EXERCISE DESCRIPTION >> The data below is to be transcribed word for word; pictures are to be excluded.

DATA BLOCK >>
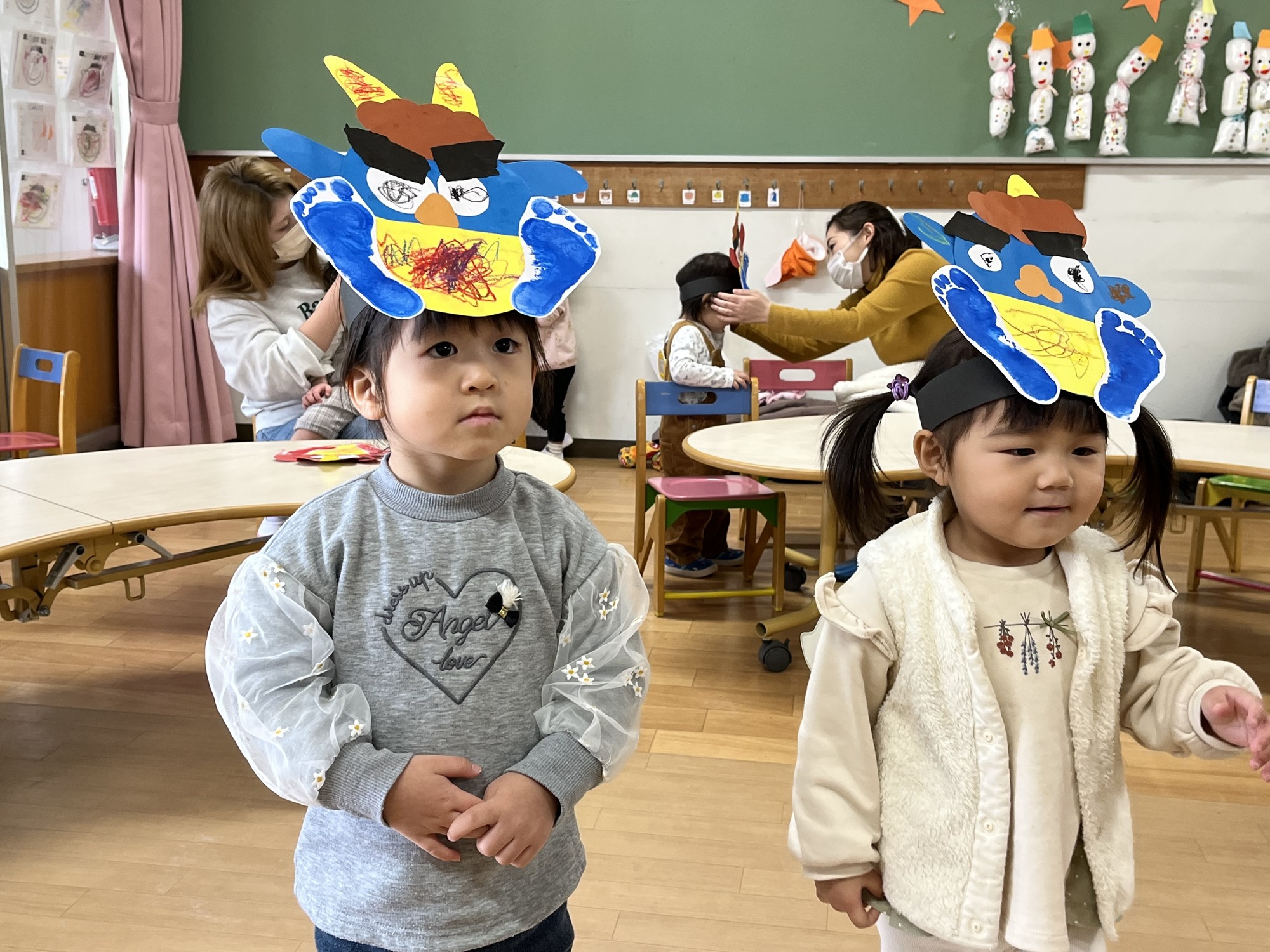 3日の節分の日、お面のかぶって豆まきして下さいね。
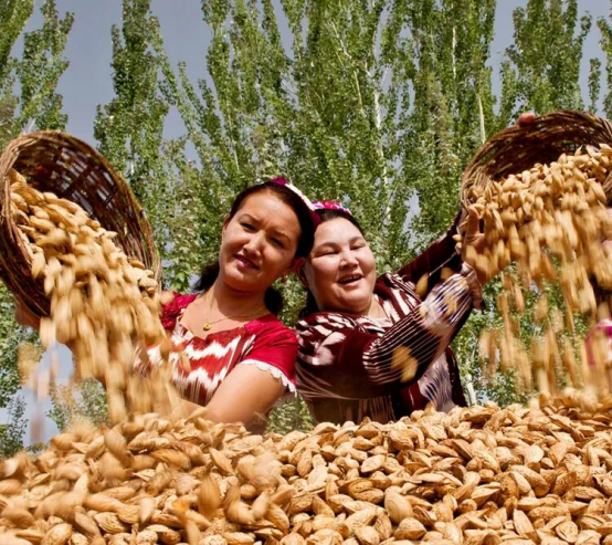 莎车县阿热勒乡农民将丰收的巴旦木倾倒而出,欢声笑语间满是幸福(2023年9月5日摄)。
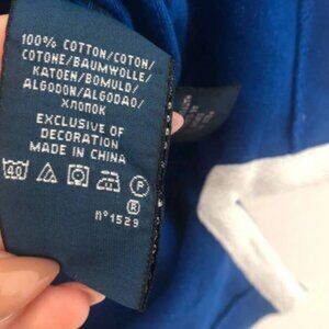 Blue polo shirt from the Ralph Lauren brand with embroidered badges on the tricolor collar inside 100% cotton machine washable USA size 6 / S new condition

WRITTEN ANSWER >>
 3日の節分の日、お面のかぶって豆まきして下さいね。
 莎车县阿热勒乡农民将丰收的巴旦木倾倒而出,欢声笑语间满是幸福(2023年9月5日摄)。
 Blue polo shirt from the Ralph Lauren brand with embroidered badges on the tricolor collar inside 100% cotton machine washable USA size 6 / S new condition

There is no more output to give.